Funds leading into a transaction and funds leading out of a transaction are not linked together, except broadly given that the input funds live together with the output funds in the transaction. Three sources of funds may go into a transaction and three sources exit a transaction, but with no links determining which funding source went to which new owner defined by each output. This feature is sometimes used by the CoinJoin system to collaboratively form transactions between many people to weaken privacy-reducing analyses of input and outputs.

There are many building blocks in transaction programs, but the most important are signatures and public keys. Public keys are used to prove ownership of funds used as transaction inputs, a cryptographic signature proves the public key identity has the authority to persist the transaction in the Blockchain, moving funds.

When evaluating transactions, full nodes look at the inputs, which reference previous transactions. They evaluate the previous transaction's preconditions for spending funds: does the new transaction contain cryptographically correct authority to spend the funds as outlined in the previous transaction? The authority to move funds is defined in a simple programming system, a straightforward stack of operations that combine conditions, supplied data and operations.

The stack based language is simplistic, similar to the PostScript language which is a standard language for defining visual documents. The verification step is also simplistic, each address to send to marks an unfulfilled signature that is fulfilled when funds move. These programs that define the smart contract only execute when the transfers are validated to move funds to the next contract, and the programs simply define a true or false result, true results being required to move funds and false to reject and prevent the relaying and Blockchain inclusion of transactions.

Transaction Types

In standard transactions, called pay-to-pubkey-hash transactions, or P2PKH, or 1xx transactions, the process for proving ownership of coins and authority to spend them is extremely simple. Bitcoin's basic scripting primitives take the address represented as a public key hash, indicating that the funds are locked to the owner of the public key. The transaction to unlock the funds is simply the presentation of the public key to match the hash, plus the signing proof of the public key authorizing the fund transfer.

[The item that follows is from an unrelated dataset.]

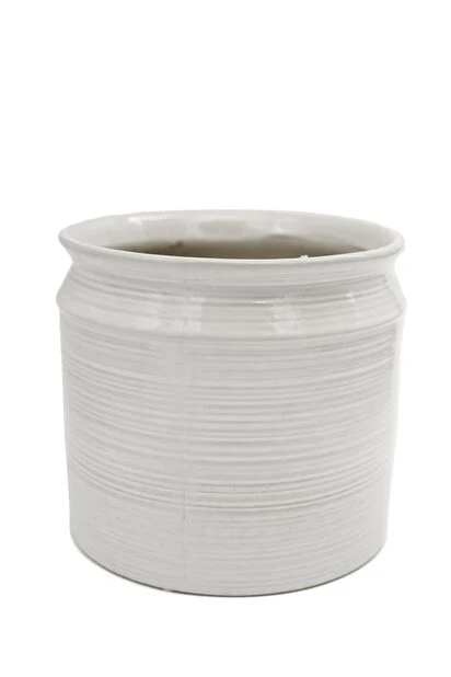 Rustikk, hvit potte i stengods med dekorative dreiestriper som gir potten en vakker bølgende form. Innred hjemmet med en klassisk potte som fremhever plantens farger! Glasert potte i leire for innendørs bruk.

More involved transactions use a second, newer, BIP16 defined, type of transactions known as pay-to-script-hash, or P2SH, or 3xx transactions. These transactions take addresses representing the hash of an arbitrary script defining merely the signature of a hidden contract. To spend these funds, the spender presents a script matching the hashed address, evaluating to true based on supplied data, such as within the common multiple-signature transaction type. Because these transactions reflect an arbitrary script instead of a fixed public key hash, the script may lock funds in extremely flexible arrangements: multiparty signature locks, time locks, and other future operations as they are added to Bitcoin's consensus logic rule set.

Coinbase Transactions

Each block in the shared Blockchain collection of transactions includes a special transaction as the first transaction in the block, known as the coinbase transaction. These transactions, created by miners through mining or generation, are allowed to create an input that takes funds from the funding overflow of a block, defined by all the excesses of any block transaction inputs not spent by their outputs, also known as fees, plus the block subsidy, a longstanding but exponentially decreasing sum used to mint and distribute the money supply over one hundred years.

The input of a coinbase transaction does not have a script signature in its input, it has arbitrary miner chosen data, plus the difficulty target and a random nonce value called extraNonce used when mining to advance to a new set of hash possibilities for the proof of work mining system.